Easter is undoubtedly the foundation of Christianity and its significance is that of ultimate sacrifice. According to the Christian Broadcasting Network (CBN), “The best way to understand the real meaning of Easter would be from Jesus, in His three words … the new covenant.”

Easter is the celebration of rebirth from sin and death. The heart of Easter lies in Jesus’s words, “the new covenant between God and His people.”

Easter is often linked to the Jewish Passover by much of its symbolism, as well as by its position in the calendar. In most European languages the feast called Easter in English is termed by the words for passover in those languages and in the older English versions of the Bible the term Easter was the term used to translate passover.

Passover and the New Covenant
To put this new covenant in context we must go down at history to link the two. Long before Jesus was born, God made other covenants with His people (the Israelites) – some to multiply them, some to bless them, and some to give them land.

All along the way, God required believers to recognize their sinful nature, confess their sins, ask for forgiveness for their sins, and offer specific animals to the priests as sacrifices for their sins.

Their religious observance of Passover included sacrificing unblemished lambs, just as the Israelites had done when they painted their doorposts with the lambs’ blood the actual night of Passover – when Moses led God’s people out of Egypt (Exodus 12:11-13).
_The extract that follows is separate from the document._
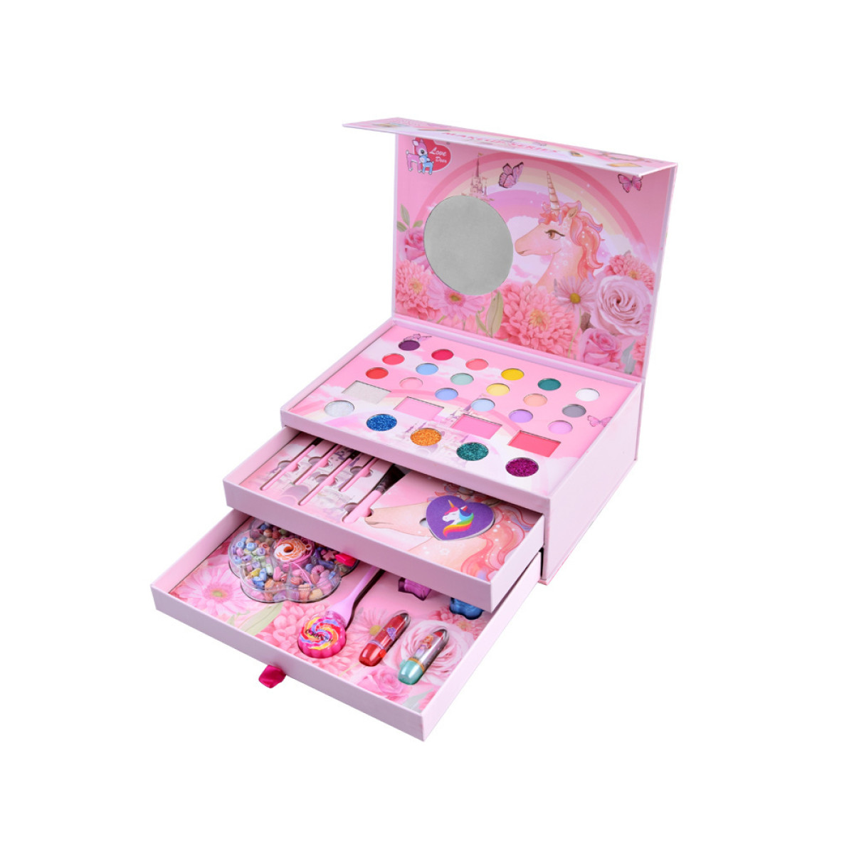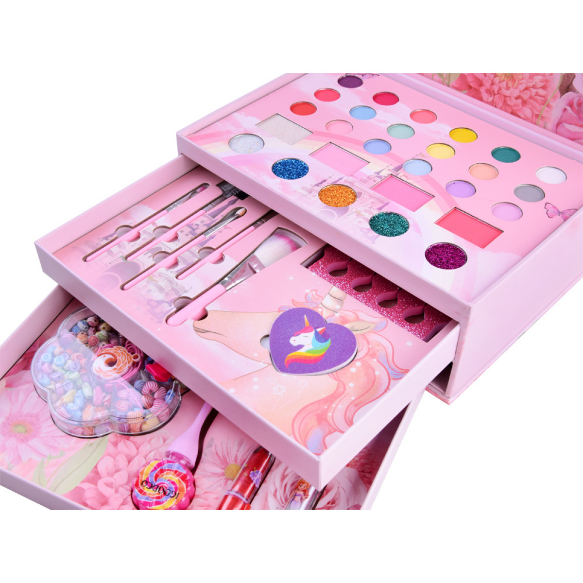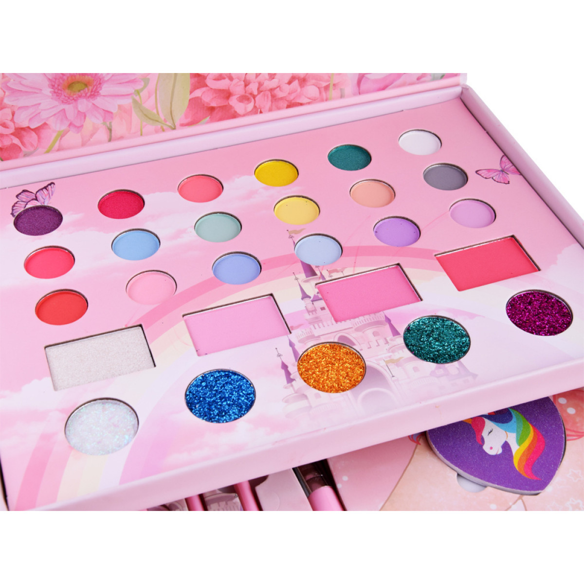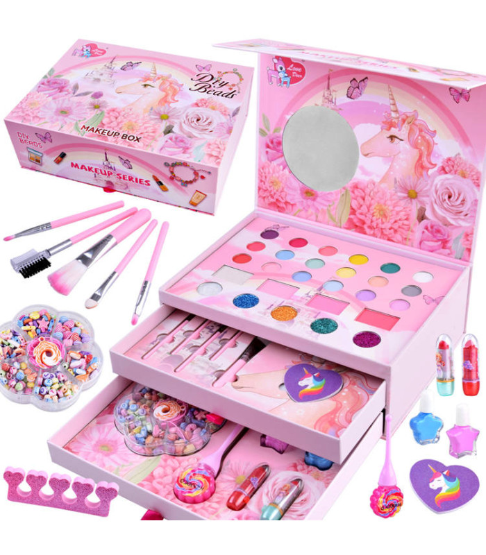 fantastisks grima komplekts meitenēm, kurām patīk mode, stils un radošas pārvērtības. visi elementi ir ievietoti skaistā koferītī no bieza kartona rozā krāsā ar ziedu, vienradžu un tauriņu motīviem.

The sacrificial lamb was a significant part of sparing the lives of the Isrealites on Passover as well as in future remembrances of the event. God gave Moses and Aaron specific instructions on how to honor God with annual Passover celebrations. Lamb was the pinnacle of the Passover meal (and still is).

The lambs were to be without blemish and even lived with the families for several days before they were sacrificed, adding to the understanding that the ultimate sacrifice was close to the hearts of those whose sins were atoned for.

Easter and Passover have a special relationship for many reasons. Jesus became the “lamb without blemish” as he sacrificed his life for the sins of all who believe in him – to bring them into right relationship with the Father. (Luke 22:14-20)

Just as the Israelites celebrate freedom from their slavery to the Egyptians as they celebrate Passover, Christians celebrate the victory over sin and death signified in Jesus’ death and resurrection.

Jesus said the new covenant between God and his people was “an agreement confirmed with my blood, which is poured out as a sacrifice for you.” It was no coincidence that Jesus gave up his life for all at the time of Passover. It was the appointed time, chosen by the Father.

This today in the lives of millions of Christians, signifies honoring and recognizing Jesus Christ’s resurrection from the dead, and His glorious promises of eternal life for all who believe in Him and mankind.